# Premiere vs Premiere XL (Hard Drives Question)



## stephan00035 (Apr 14, 2004)

I have a question. 

Will a hard drive from a Tivo Premiere work in the Premiere XL and vice versa or do they use different types of Tivo software?

Thanks...


----------



## ThAbtO (Apr 6, 2000)

No, since the service numbers are different as well as the models, a 746 vs a 748 (Pxl). The Tivo software is a bit different, although its not noticeable. It would also mean to run Clear & Delete Everything even if it worked.


----------



## lessd (Jan 23, 2005)

ThAbtO said:


> No, since the service numbers are different as well as the models, a 746 vs a 748 (Pxl). The Tivo software is a bit different, although its not noticeable. It would also mean to run Clear & Delete Everything even if it worked.

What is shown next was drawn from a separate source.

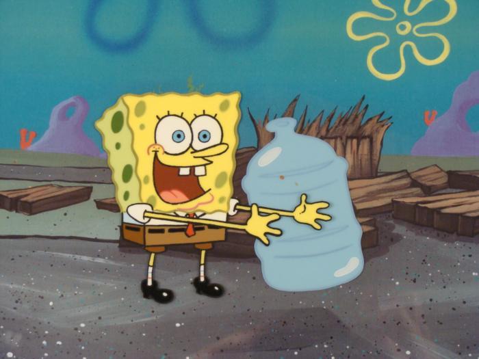 To create production cels, the original animator's drawing is transferred onto an acetate cel (by hand-inking and/or photo copying). The cel is then hand-painted on the reverse side. The background accompanying this set-up is a hand-painted original production background. The printed background is ready to be matted and framed. It is a colored background with a cel and has the animator's notations at the bottom of the background and the cel. The background is a printed reproduction background. The cel has multiple layers; first is the water jug and then is SpongeBob.

*It will not work *as the guide data will stop downloading after the initial setup. This has been talked about before but i not going to search for that.


----------



## stephan00035 (Apr 14, 2004)

Thank you...


----------



## unitron (Apr 28, 2006)

stephan00035 said:


> I have a question.
> 
> Will a hard drive from a Tivo Premiere work in the Premiere XL and vice versa or do they use different types of Tivo software?
> 
> Thanks...


If I'm not mistaken the XL uses a bigger drive, so the right software may be expecting to be on a drive at least that big.


----------



## lessd (Jan 23, 2005)

unitron said:


> If I'm not mistaken the XL uses a bigger drive, so the right software may be expecting to be on a drive at least that big.


I was assuming the OP was going from a TPXL to a TP, but one would have the problem of the software not working in either direction.


----------